In recent days, I always received some strange phone calls at home, “brother, you are XXX, we are XXX high-end men’s private club…”, holding grass, I was stunned at first, and then scolded back. Haughty face turned his head, with a smile slightly flattering: wife, listen to me, I really did nothing, you have to believe me!

Pop~

Big factories are also using six kinds of data desensitization schemes to strictly prevent

After kneading my face and thinking about it carefully, it must be some immoral website that sold my personal information. Now people are in a state of streaking on the Internet. Personal information no longer belongs to individuals. Nowadays, it seems that this kind of thing is not surprising. However, there are many reasons for this kind of thingAn insider

Big factories are also using six kinds of data desensitization schemes to strictly prevent

As developers, what we can do is to try our best to avoid the leakage of user data.
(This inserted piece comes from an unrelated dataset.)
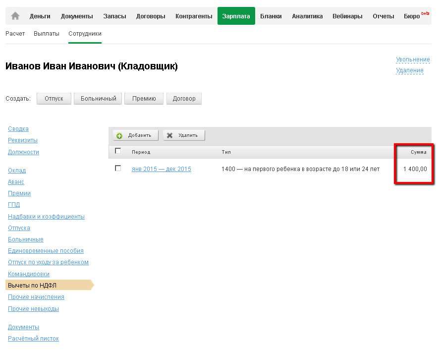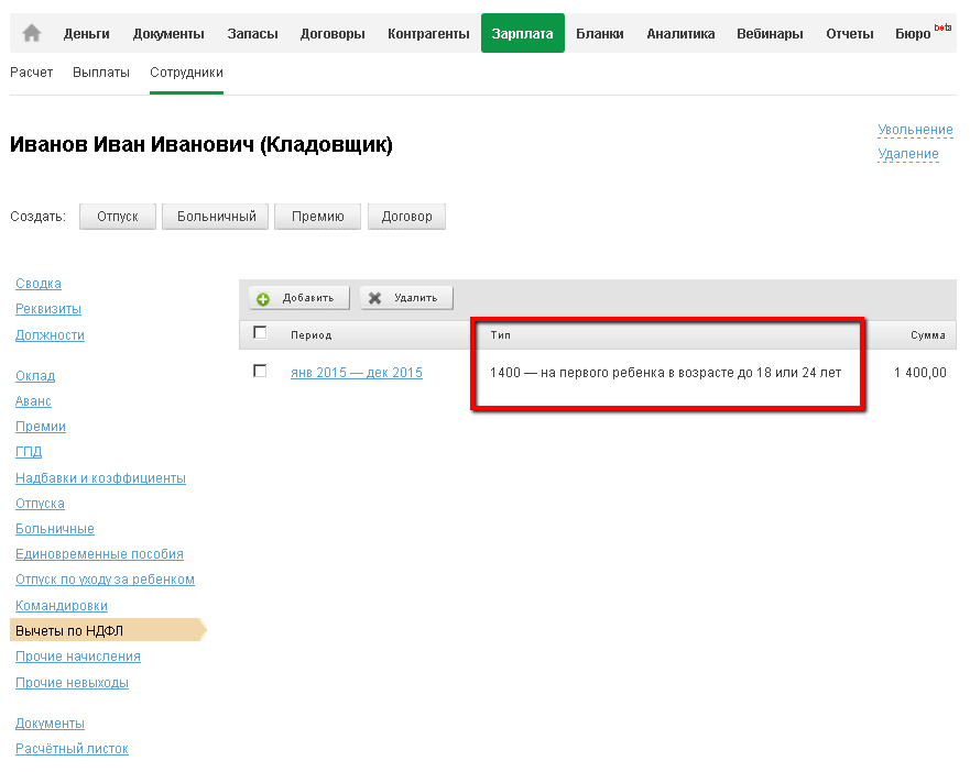 - вид вычета - выберите из выпадающего списка вид вычета (на ребенка, на сотрудника, имущественный, социальный).

Today, let’s talk about the internal means to prevent the leakage of private data in the Internet-Data desensitization

What is data desensitization

What is data desensitization? Data desensitization is also called data De privacy. When we give desensitization rules and strategies, for sensitive data such ascell-phone numberBank card numberAnd other information, a technical means of conversion or modification, to prevent sensitive data from being used directly in an unreliable environment.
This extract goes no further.